The changes have created a noticeably calmer and more uplifting end of the year experience for our Year 7 students.

What did these changes look like in school?

Each day began with a tutor check-in, followed by the Pomodoro method of revision (when students choose a topic, focus for 25 minutes, take a five minute break, and repeat the cycle, with one longer break after four sessions). This breaks revision into manageable chunks, boosts motivation, and builds the stamina needed for sustained study.

Year 7 assessments were all scheduled in the morning; reducing anticipation and helping students stay focused. Students with access arrangements had dedicated exam spaces, and everyone prepared for their assessments in English, Maths, Sciences, Latin, and Languages with each lasting approximately 60 minutes.

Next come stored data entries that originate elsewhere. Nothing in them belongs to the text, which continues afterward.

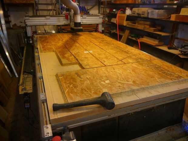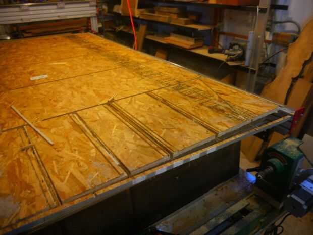 Me coloca la madera sobre la mesa y clavarse los bordes hacia abajo con mis uñas Omar clavador y compuesto plástico. Entonces comencé a siguiente corte a lo largo y poner clavos de 2 o más plásticos en cada pieza. Excepto la pieza me olvidé de clavo que vino flojo y rompió una broca de fresadora. Siempre trato de tener bits adicionales e insertos en la mano para cada proyecto.
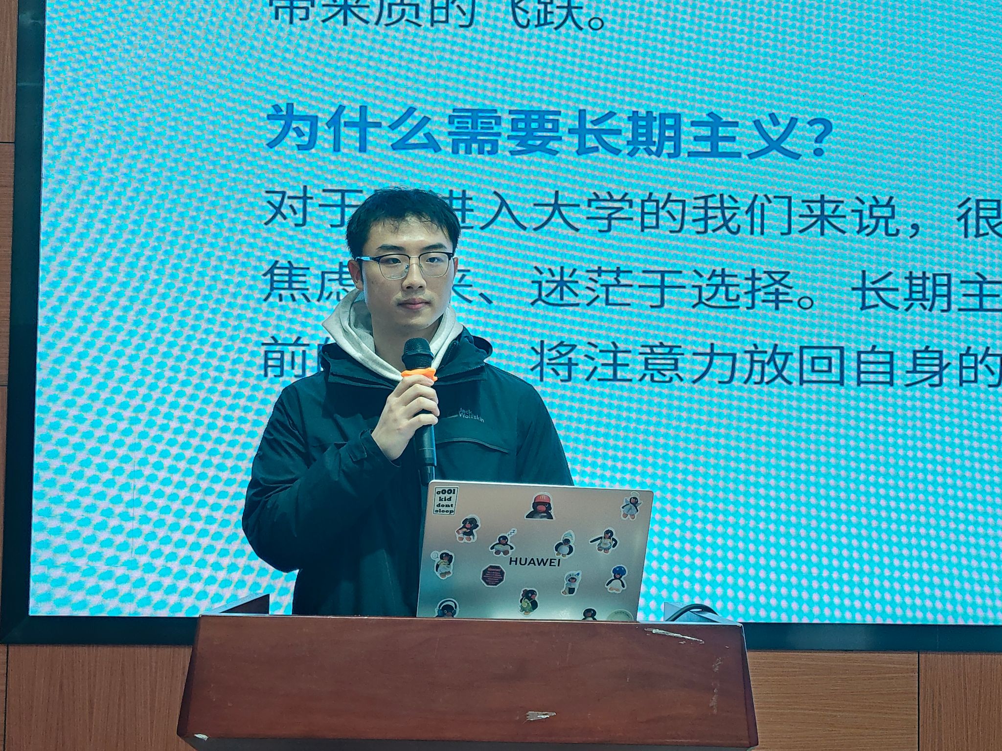 葛梓涵以长期主义为主题,从长期主义的内涵与践行长期主义的路径入手,结合自己的实践经验,向同学们介绍了重要学习方法。一是阅读经典,撰写读书笔记,丰富名著经典积累,培养学术思维;二是自主进行经验训练,将课本知识融入田野、社会,在实践中实现自我提升。
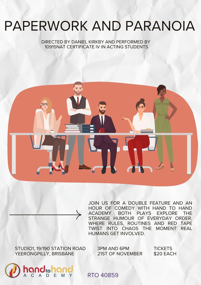 Join the students of Hand to Hand Academy (RTO 40859) for an hour of sharp comedy, quick wit and total administrative meltdown. It’s paperwork, pandemonium and pure performance.
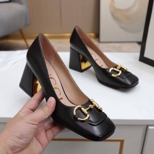 Черные стильные туфли Gucci из натуральной кожи. Модель туфель имеет устойчивый каблук, высотой 7,5 см и квадратный носок. Геометричный вырез подчеркивает подъем, а стильная золотая пряжка завершает лаконичный дизайн обуви. В нашем интернет-магазине вы можете купить копии туфель с доставкой по Москве и по всей России.
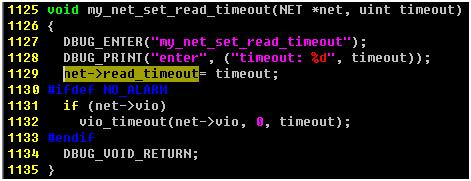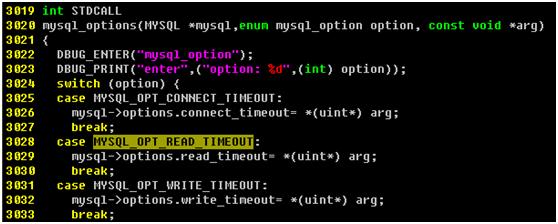 现在我们来看看如果我们自己要设置超时,我们自己压入 MYSQL_OPT_READ_TIMEOUT 也是可以达到读写超时效果的,写一段代码来测试一下:
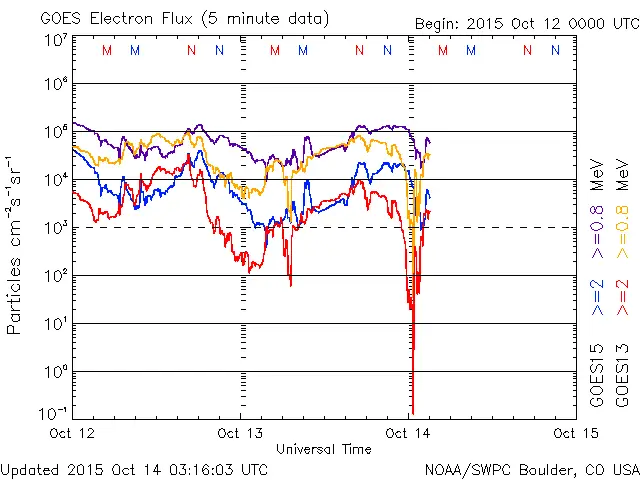 10/13 07時(UT)前後、08時(UT)くらいに反応があった後、15時(UT)くらいにやや強めの反応が出ました。ご注意ください。
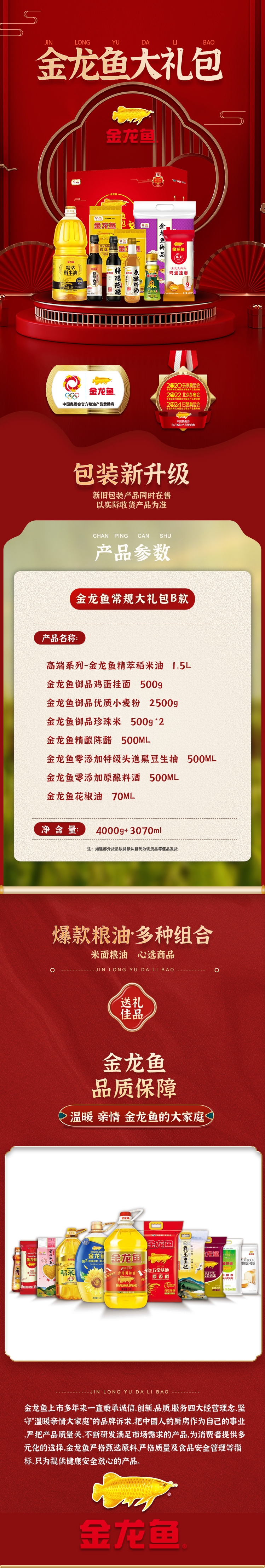 爆款粮油,多种组合;严格甄选原料,严格质量及食品安全管理等指标;礼盒设计精美,包装大气喜庆,性价比高,值得购买
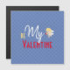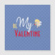 Var min Valentine har fått blåa hjärtblåhjärtan som sprinklats över en blå säng och avslutat med en dekorativ text åtföljd av en ung cupid.
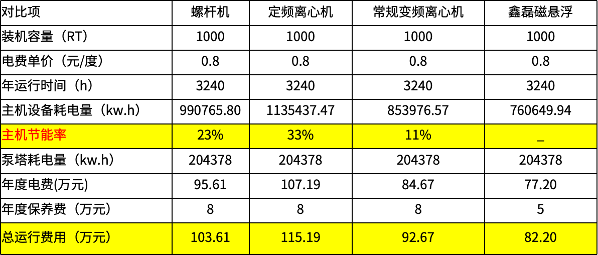 某工業(yè)廠房面積20000㎡,設(shè)計負(fù)荷為3517kw(1000RT),分別對螺桿機、定頻離心機、常規(guī)變頻離心機、磁懸浮離心機進(jìn)行綜合能效測算,每年270天,每天12小時,電費按照0.8元/度進(jìn)行核算,分別對節(jié)能量和運行費用對比,磁懸浮主機節(jié)能效果最佳,每年主機最高可節(jié)省費用32萬+。

Following the morning assessments, the day transitioned into a restorative programme of wellbeing activities. Led by our Head of Wellbeing, students chose from a host of experiences such as yoga, origami, gratitude journalling, and curating personal playlists.

We know, from GSA research, that girls in girls’ schools play the most sport. Sporting activity was kept as a priority; with energising, friendly, rounders matches hosted off-site, and vital Games lessons were carried on, to provide a much needed opportunity for our young women to keep strong and to refresh and reinvigorate themselves, physically.

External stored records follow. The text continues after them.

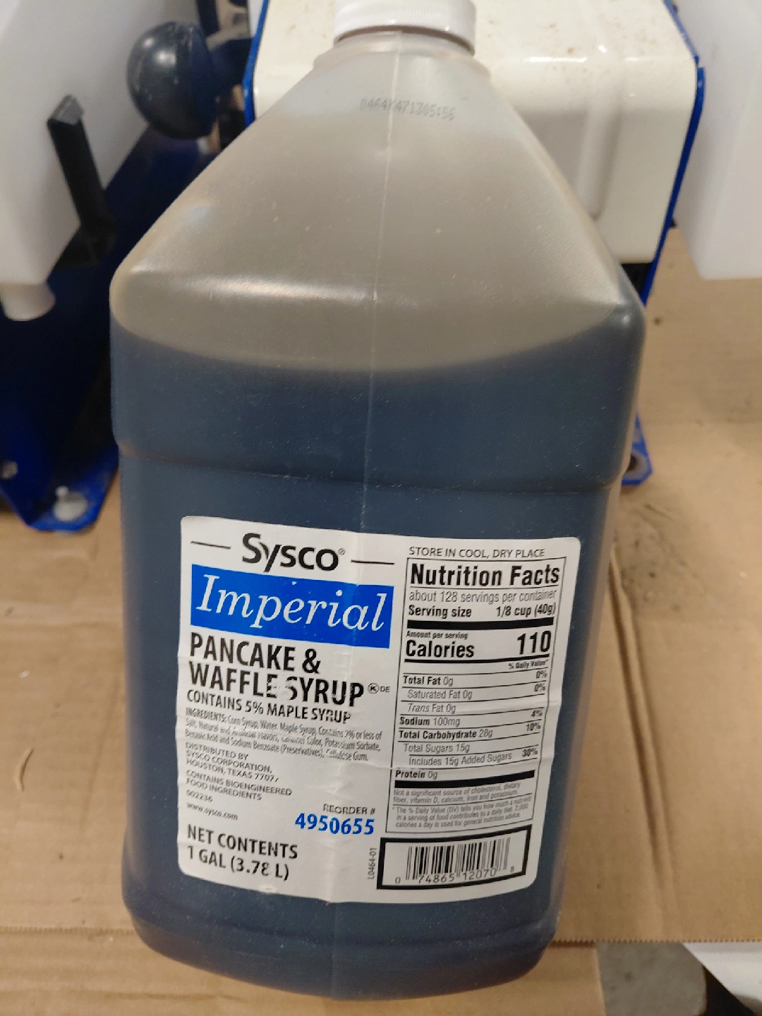 Selling a 1-gallon container of Sysco Imperial Pancake & Waffle Syrup. It contains 5% maple syrup. Great for stocking up for those weekend breakfasts!
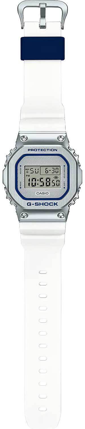 Кварцевые электронные наручные часы. Серия G-Shock. Унисекс. Противоударный корпус защищает механизм часов от ударов и вибрации. Электролюминесцентная подсветка обеспечивает равномерное освещение всего дисплея, послесвечение. LED-индикатор (световая индикация сигнала) - лампочка начинает мигать при сигнале будильника, окончании таймера обратного отсчета или секундомера. Многофункциональный будильник - ежедневный сигнал, ежемесячный сигнал, сигнал каждый день определенного месяца, на определенную дату, сигнал начала каждого часа. 12-ти и 24-х часовой формат отображения времени. Секундомер с точностью измерения 1/100 секунды (первые 60 минут) и 1 секунда (через 60 минут) и временем измерения 24 ч. Режимы измерения: прошедшее время, промежуточное время, два финишных результата. Таймер обратного отсчета от 1с до 24ч с автоповтором. Автоматический календарь до 2099 года. Устойчивое к мелким механическим повреждениям минеральное стекло. Восьмиугольный корпус из нержавеющей стали и полимерного пластика. Размеры корпуса 43,2 мм на 49,6мм, толщина 12,9мм. Стальная задняя крышка крепится на 4-х винтах. Белый пластиковый ремешок, стандартная застёжка buckle. Приблизительный срок службы батареи 2 года. Водонепроницаемость 200 WR (плавание и погружение без акваланга). Вес примерно 73 г.
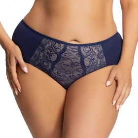 Klasyczne figi wykonane z gładkiej dzianiny. Na przodzie ozdobione dwoma wstawkami z koronki elastycznej, a po środku malutką kokardką. Nogawki wykończone ozdobną gumokoronką.
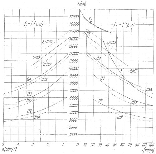 Wykres wartości sił pociągowych w zależności od szybkości i napełnień
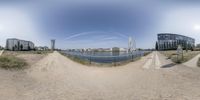 A fish-eye view of a city in Germany, with a river and town in the foreground. The beach and clear sky in the background add to the picturesque landscape. Modern architecture and high-rise buildings dot the cityscape.

Honing the students’ academic and personal skills further, metacognition and study skills workshops led by our SENDCo focused on cognitive science such as retrieval practice, effective spacing, interleaving, and the importance of sleep.

With a whole school approach, the Humanities team, boldly, replaced timed essays with a dynamic, interdisciplinary, board game project: ‘Race Across Greenwich!’ Working in teams, students were tasked with designing a board game to showcase the historical, geographical, and religious dimensions of our borough. Comprising key locations, game format, and game rules it provided an ideal opportunity for students to exercise their critical thinking, collaboration, and creativity. It is a brilliant example of how assessment can be both rigorous, and joyful. The benefits of the week undoubtedly outweighed the challenges.

For other schools that plan a similar approach, we have learnt that our model required a whole school collaboration; school colleagues need to be available to actively deliver workshops; sessions need to be well-prepared and thoughtfully resourced (booking external speakers needs forward planning); finding the rooms and space can be a challenge (we often split the Year 7 cohort into smaller groups to encourage greater participation and engagement); gathering feedback from both students and colleagues is invaluable, and is helping us to refine and improve the experience for the future.

It’s striking how, with a creative approach and a willingness to do things differently, the exam experience can be transformed into a more positive experience for students. Our girls already understand the mechanics of exams, having navigated the 11+, so it feels entirely appropriate to approach Year 7 with greater care and intention. We’ve found that ‘just enough’ assessment helps build effective study habits without the need for back-to-back exams, at such an early stage. I’m proud of the meaningful changes we’ve made, and I hope more schools feel inspired to take similar steps.